Other epistemologists (most notably externalists, like Plantinga) think that such a "deontological" approach to norms has no place in epistemology, and that norms must be understood in a different way. They are interested in norms such as "proper functioning" (Plantinga), or "epistemic virtue" (Sosa), or "reliability" (Goldman). These external norms are largely irrelevant to whether it is permissible to hold a belief.

It might be useful here to try to find a common element in the two approaches. It seems that they would agree that norms governing knowledge have something to do with the relation between belief and truth. One might describe a belief as epistemic permissible to hold when it is conducive to a disinterested pursuit of the truth. And one might understand the satisfaction of external norms such as reliability as being conducive to attaining the truth itself. (Here we will restrict our discussion of norms connecting belief and truth to those norms which are built into a "warrant" condition of knowledge. We will not discuss conditions that might attach to knowledge directly, such as Nozick's tracking condition.)

One way of understanding the divide between the internalism and externalism is as over whether epistemic norms should be understood in terms of the actual relation between belief and truth, as the externalists would have it, or in terms of what appears internally to the subject to be the relation between belief and truth. It seems that only the latter kind of norm can be the basis of ascribing "responsibility" or irresponsibility" to a subject.

The focus of the discussion will be on claims that fulfilment of a standard or norm N is a necessary or sufficient condition for warrant. Since it may not be the case that all warranted beliefs are warranted in the same way, we will generally restrict the application of the norms in question to beliefs whose content is propositions of a certain kind. With this in mind, we can give a schema for the connection of norms and warrant.

For propositions p of kind K, if S's commitment to the truth of p is warranted, then S's commitment to the truth of p satisfies standard N.
Conversely, satisfaction of a set of standards N1. . . Nn (which might consist of a single standard) is often thought to be a sufficient condition for warrant.
For propositions p of kind K, if S's commitment to the truth of p satisfies standards N1. . . Nn, then S's commitment to the truth of p is warranted.
As was pointed out in the introductory module, norms can be classified generally as belonging to one of two kinds. Some norms govern the warrant of belief that p without reference to any other propositions, while others enunciate the degree of "support" that p gets from other propositions. We will consider each in turn.

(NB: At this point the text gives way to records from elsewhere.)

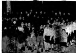
Il Balilla e la Piccola Italiana della Scuola di Musica di Genova al microfono per l'attuazione del programma scolastico del 12 novembre scorso.

Nelle radiostazioni Antico celebrato il primo centenario dello scienziato di Borodin, il cui nome è legato non solo ad opere celebri — come il principe Igor, Nella stampa dell'Atto eccelsa, ecc. — ma anche a quel famoso e gruppo di giovani che sono liberati in maniera reale dalle angosce straniere. Il cinque erano Borodin, Mendelgaj, Balabren, Col. Rimsky-Korsakov, e tutti servivano alle scienze delle arti e della musica. Borodin era medico, chimico, professore e scienziato, tanto che temeva che la sua vita fosse un continuo dolore, ma non aveva scartato. Alzavak era il figlio di marina; Mendelgaj ufficiale delle guardie. Col professore di fortificazioni. Si definiscono i compositori da parole di fantasia, e i contemporanei il obiettivamente un grande «muskvlov» (un modo di solidificarsi). Orbene, furono questi uomini che salvarono e salvaro coloro la musica russa. Loro, dopo aver servito, nel 1880, in Siberia in un battello di Borodin, gli scriveva: « Per anni di Dio, non combinate mai nulla! Il nostro spirito musicale è tale che non dovete aver paura di essere originali e di farvi scrivere: e dovete aver del bisogno di cercare la vostra Russia. La respirare ».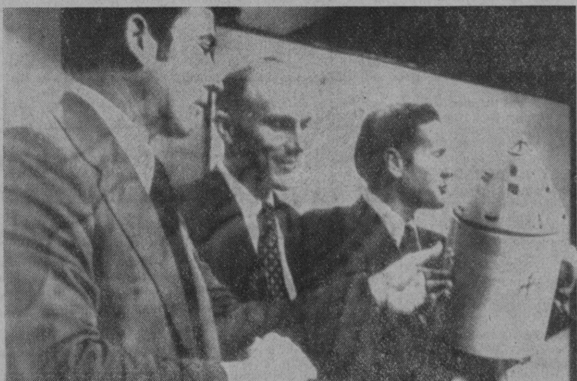
Centro Espacial de Houston.—Los astronautas del «Apolo 16», John Young, Thomas Mattingly Charles Duke responden a las preguntas de los informadores sobre los objetivos de la misión espacial «Apolo 16». El lanzamiento de la nave está programado para el próximo día 16 de abril.

El primer abastecedor es Francia, con unas exportaciones durante el año 1971 por valor de 3.774 millones de pesetas y el tercero Italia, con 1.173 millones de pesetas.—Cifra.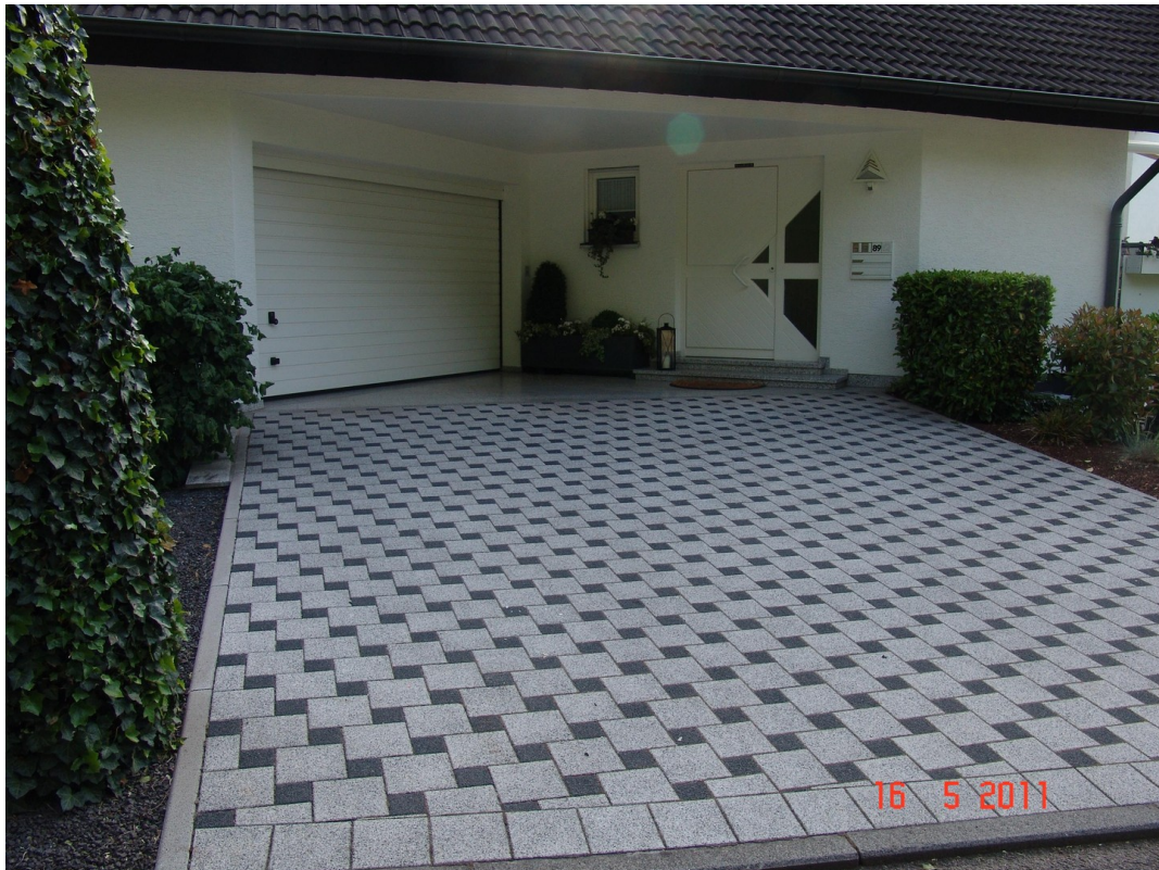
EG Einfahrt u. Eingang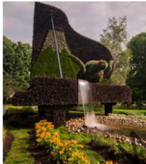
Рисунок 5, 6. – Цветочная скульптура «Рояль», г. Монреаль, 2013 г.

Образ рояля как важнейшего музыкального инструмента камерной музыки использовал в своей скульптурной композиции современный голландский художник-инсталлятор Флорентин Хофман (Florentijn Hofman). Художник получил известность благодаря созданию крупногабаритных фигур, изображающих понятные всем предметы, размещенные в городском пространстве. Среди них – 26-метровая скульптура желтого резинового утенка, плавающего по реке Луаре, созданная в рамках выставки современного искусства Estuaire-2007. По утверждению автора «дружественный плавающий утенок обладает исцеляющими свойствами и может помочь в разрешении мировой напряженности» (ссылка). Другая работа Ф. Хофмана – гигантская ондатра в поселке Ньюверкерк на реке Эйссел в Южной Голландии – создана как символ проблемы, которую создают эти животные для жителей Нидерландов, разрушая дамбы.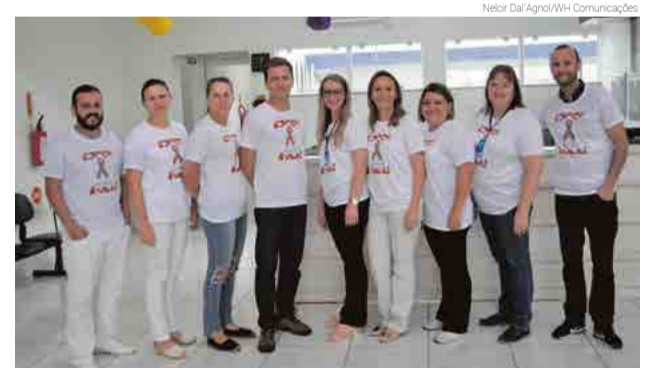
Equipe de servidores da Unidade de Saúde Gelci Helena do Amaral aderiu à causa adquirindo camisetas da campanha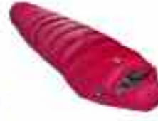
- ΣΤΑΙΝ ΙΣΤ 8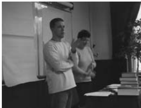
Билингвални час - српски и мађарски језик

Протекле школске године професори Гимназије су са задовољством прихватили да учествују у пројекту унапређења интеркултуралног образовања у бечејској Гимназији . Пројекат се реализовао у мултимедијалној учионици, уз коришћење савремених наставних средстава и примену нових метода и облика рада. На часовима билингвалне наставе заједно раде ученици српских и мађарских одељења, а професори су билингвални или мултилингвални. Примењивали су се и елементи сценског приказа и драмске педагогије.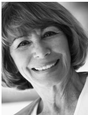
RYSUNEK 2.6. Przykładowe zdjęcie awatara – kobieta w wieku 55 lat

Codziennie dostarczanie wapnia opóźnia rozpoczęcie procesu starzenia o 30% i nadaje ciału witalności.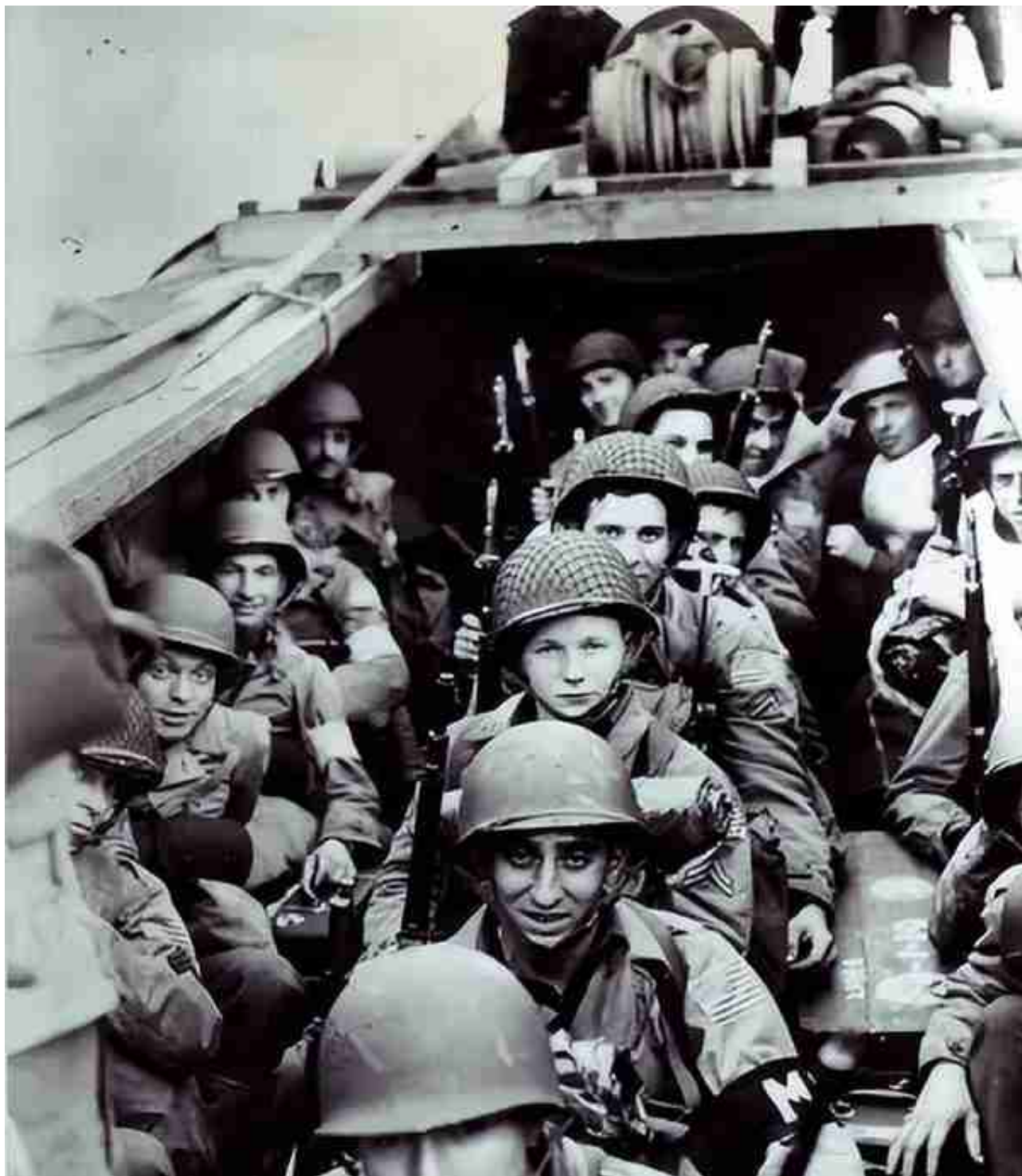
▲ 这支部队是M1903和M1混装

但结果等太平洋战争爆发，美军就傻了，由于换装速度缓慢，美军根本拿不出足够多的M1加兰德，很多士兵只能拿着M1903上战场，但M1903在面对疯狂冲锋的敌人时射速太慢了，要不是陆战1师在班一级配备了勃朗宁M1917，恐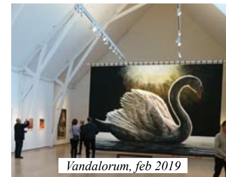
Vandalorum, feb 2019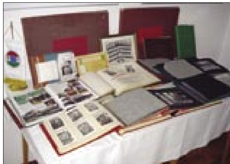
V tej knjigaj se najdejo tisti, steri so glasili tinjnce ali lidi iz vesi, če so steli na črno prejk granice titi

»V rosagi je mejna straža 11 uprav mejla, tej edenajset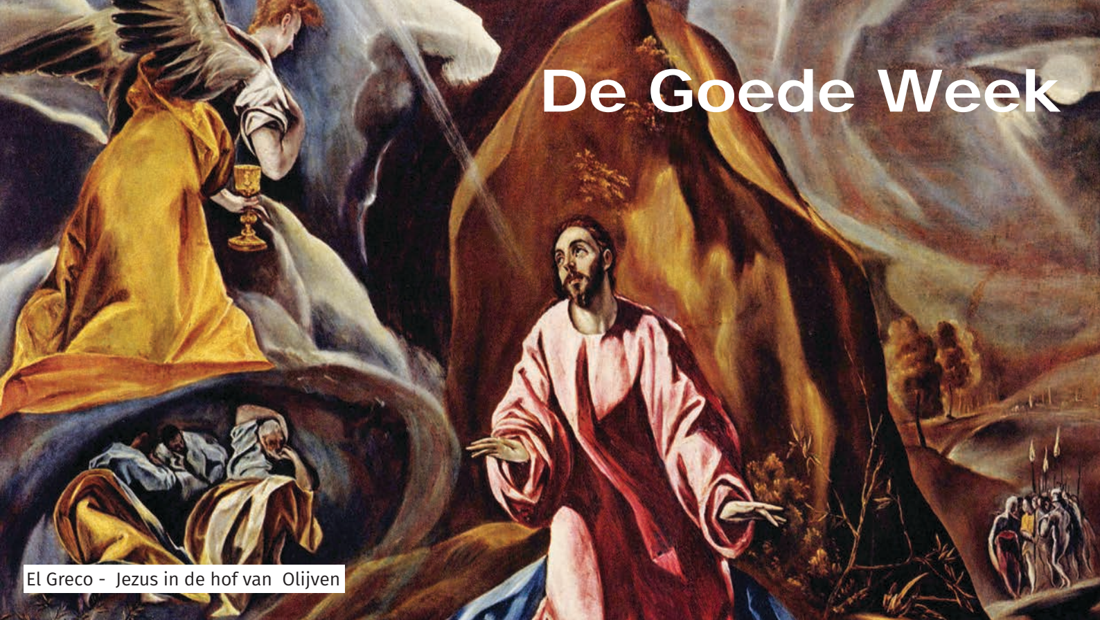
El Greco - Jezus in de hof van Olijven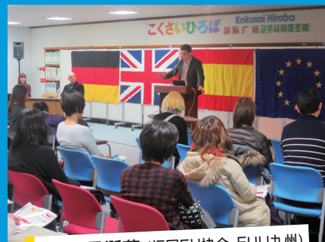
EU的圣诞节 (福岡EU协会·EUIJ九州)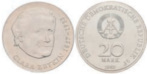
364 20 Mark, 1982, Clara Zetkin, Motivprobe, Nr. 35, in Kapsel verplombt, mit Zertifikat, st. Sehr selten, Auflage nur 90 Stück. J. 1587P. 4500,—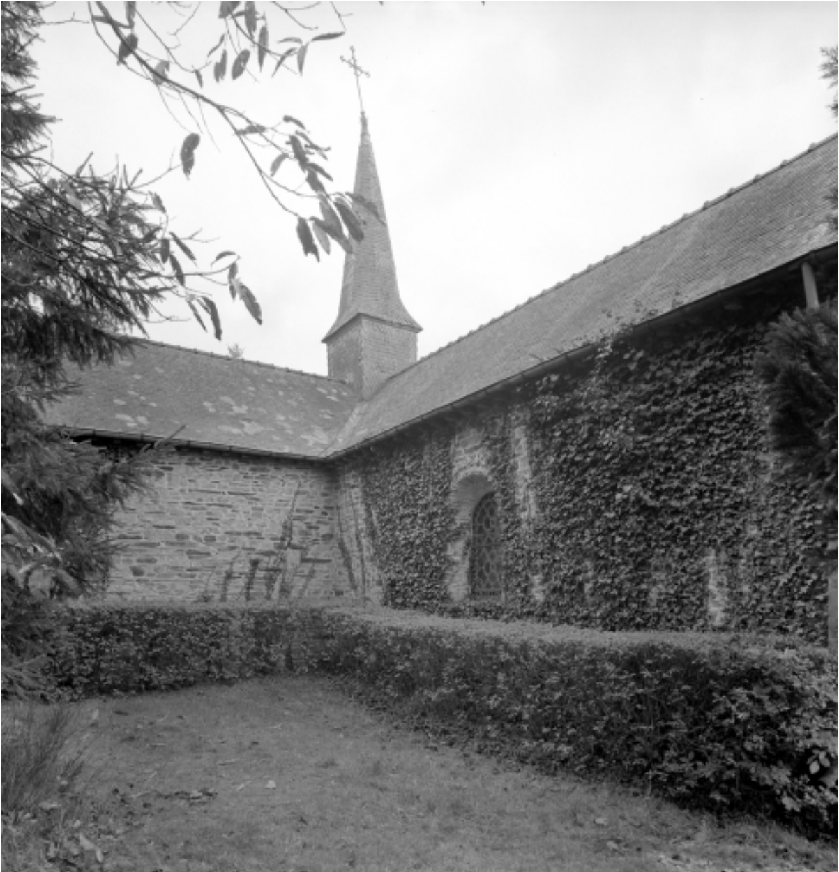
Elévation Nord-Ouest : vue générale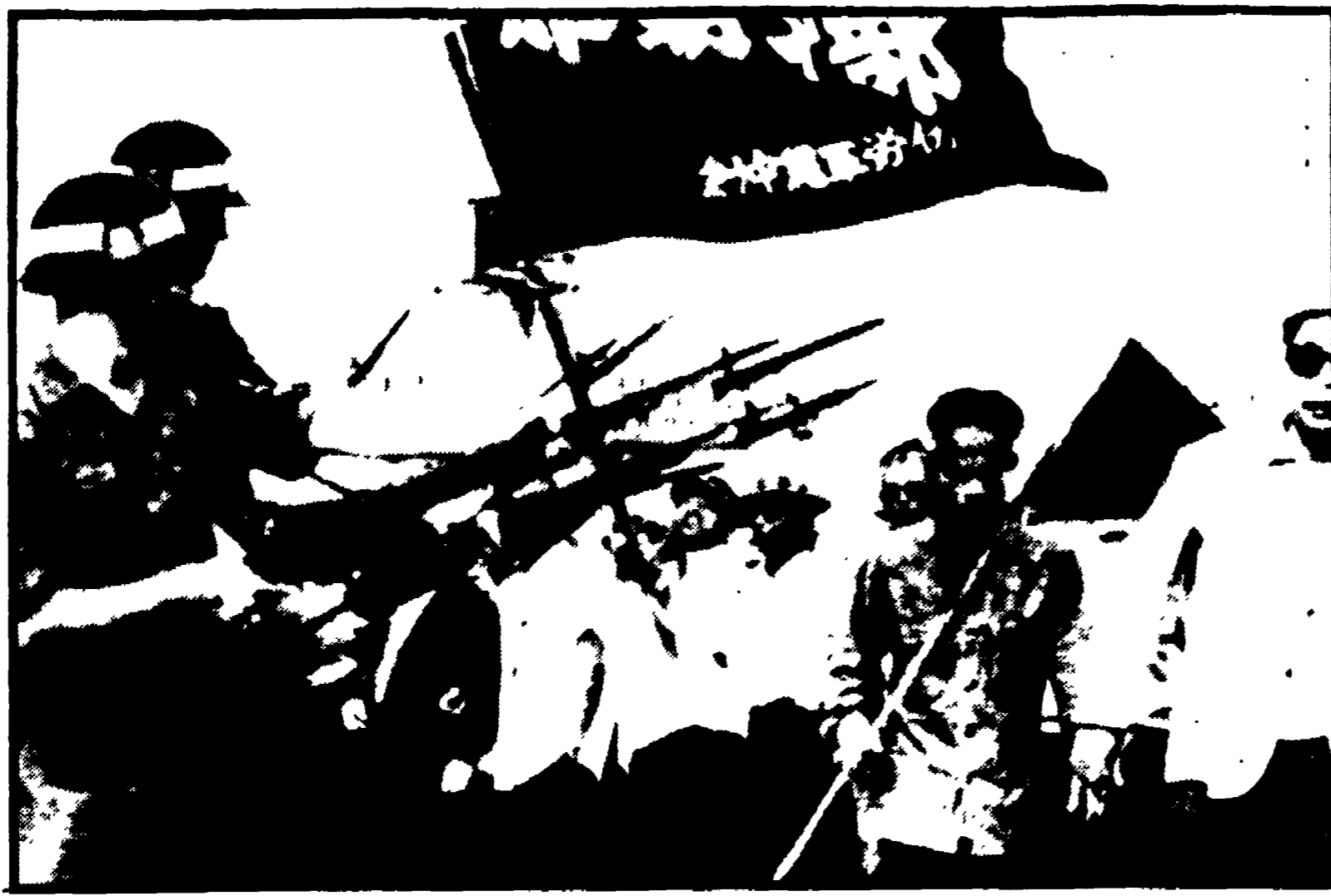
OKINAWA — La lotta della popolazione di quest'isola del Pacifico, terra giapponese, di cui gli USA si sono appropriati per trasformarla in una enorme base aeronavale, si intensifica ogni giorno. Gli isolani chiedono che gli americani vadano via, ma il governo di Washington risponde con le balotterie. Gli scacco fra gli abitanti e i graditi della base USA sono sempre più frequenti e cruenti. Nella telefoto: una manifestazione presso la base. Parecchi dimostranti sono stati feriti dagli occupanti americani.

Oggi inoltre si terrà a Roma un'assemblea generale del personale direttivo e dei direttori e non insegnante promossa dall'Intesa intersindacale.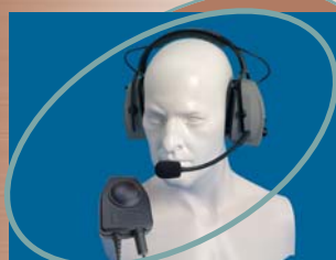
■ CHP750D ▲ CHP950D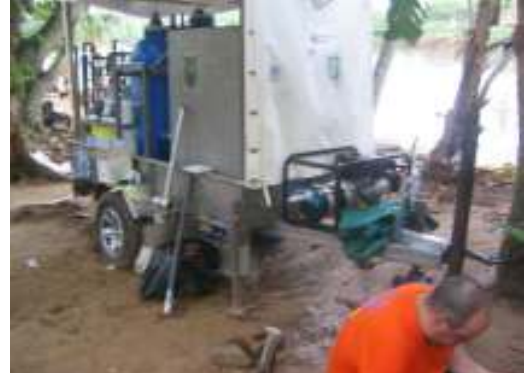
وشحن وتركيب محطات معالجة المياه في غاليه بسريلانكا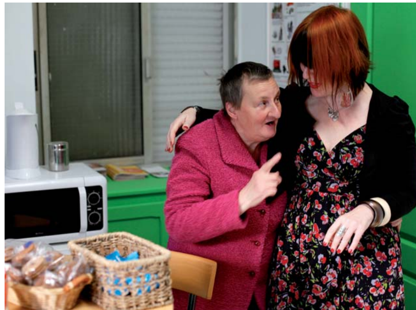
■ Chaque année, près de 55 000 personnes sont accueillies par des bénévoles de l'association dans des lieux d'accueil pour familles en attente de parler, comme ici à Ajaccio

En prison, le maintien des liens familiaux peut prendre plusieurs visages : permettre à un parent détenu en situation précaire d'offrir à son enfant un jouet à Noël, organiser un goûter festif et familial en détention, participer à l'accueil des familles en attente de parler, ou encore proposer un service de navette entre la gare et l'établissement pénitentiaire lorsque ce dernier est mal desservi.

Norms for Foundational Beliefs

Foundationalism is largely emphasized by internalists, and this for two reasons. First, the externalist has no real need to distinguish between kinds of beliefs, since warrant for any belief is covered by the same condition, be it "proper function," "intellectual virtue," or "reliability." Second, internalists, in emphasizing connections between belief and truth that are only apparent, would like at least to base the apparent connection on a close real connection between warranted foundational beliefs and truth.

The connection between the foundational belief and the truth might be infallible or fallible. In some cases, it appears that foundational beliefs cannot be false. But even in those cases where there is a possibility of falsehood, it is held that this possibility is mitigated in some way.

Self-Referential Beliefs

There is a small class of beliefs, including the Cartesian "I exist when thinking that I exist," that seem immune from error because of the relation between the proposition believed and the believing of the proposition. This reflects the two-fold character of belief. A belief can be regarded as a kind of mental state, which might be called the act of believing. (Such a state may be a present state, in which case it belief is "occurrent," or it may be a dispositional state.) The act of believing is directed at a content (or "intentional content"), what the belief is "about," which is expressed propositionally.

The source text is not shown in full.